That's not necessarily true.

A lot of dogs just like food. My dogs leave puddles of drool all over my floors when just from seeing me open up their food bin. They both eat pretty expensive foods, wet and dry. 

I've also had my dog turn his nose up to one brand of "cheap" food and gulp down another, so I really think it all just depends. 


Sent from Petguide.com Free App


----------



## Laurelin (Nov 2, 2006)

If Summer got her way she'd eat Meow Mix soo....


----------



## Shell (Oct 19, 2009)

I actually find a lot of the dogs are very ho-hum about the really cheap stuff. Depending on where a foster is coming from, sometimes the previous caretaker sends along a few baggies of their current food. Usually the cheapest of the cheap and half the time the dogs turn up their noses at it (even though they are obviously skinny and hungry). Or pick at it and make a mess and only eat half of it. So I switch them cold turkey to a new food and don't bother taking a transition time. 
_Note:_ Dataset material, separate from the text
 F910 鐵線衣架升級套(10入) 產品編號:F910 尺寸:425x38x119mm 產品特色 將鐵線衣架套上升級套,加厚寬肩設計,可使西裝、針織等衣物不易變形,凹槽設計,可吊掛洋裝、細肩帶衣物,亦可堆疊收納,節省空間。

Corn is a sweet vegetable and the first ingredient of most of the cheap foods is corn, so I can see why many dogs would find that tasty. I don't think I've seen HFCS in all the major grocery store brands by any means, but enough corn can make for a sweet flavor. As a specific ingredient, Kibbles' n Bits has corn syrup, Purina Be Happy has sugar, Wegman's house brand has HFCS, Purina's Moist and Meaty has HFCS, Beneful Original has sugar. Those are just the ones that came to mind.
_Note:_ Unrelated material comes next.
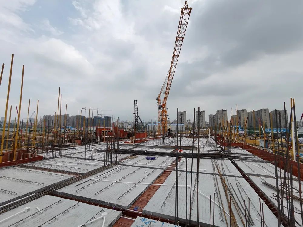 金强叠合板:是由预制板和钢筋混凝土层叠合而成的装配整体式楼板,采用工厂流水作业,尺寸精确,整体性好,下表面光滑平整,便于饰面装修。楼底板表现质量达到清水效果,可以减少工地模板使用量,具有节能环保、降噪、节省劳动力,更好地保障工期节点等特点。

I haven't seen any preference towards or against peas/legumes. Fish based foods seem to be something the dogs either love or hate. I have noticed that even if a dog doesn't actually like a food, if he sees another dog eating it, he often wants to eat it too.


----------



## Bumper1 (Jul 14, 2013)

Here we go with the false information about corn. That train always arrives on time. Corn is not high in sugar at all. Peas, sweet potato, carrots, etc all have dramatically higher sugar content.


----------



## Shell (Oct 19, 2009)

I did not say corn was high in sugar. I said it was "sweet"-- obviously I have no way to know if a dog perceives the flavor the same, but many people find the flavor of corn to be sweet. Of course "sweet corn" tastes sweeter.


----------



## Jen2010 (Feb 12, 2013)

Maybe the dog is just hungrier on the cheaper food because they're not getting a quality meal?


----------



## Bumper1 (Jul 14, 2013)

Shell said:


> I did not say corn was high in sugar. I said it was "sweet"-- obviously I have no way to know if a dog perceives the flavor the same, but many people find the flavor of corn to be sweet. Of course "sweet corn" tastes sweeter.


Dent Field Corn does not taste sweet at all.


----------



## Kathyy (Jun 15, 2008)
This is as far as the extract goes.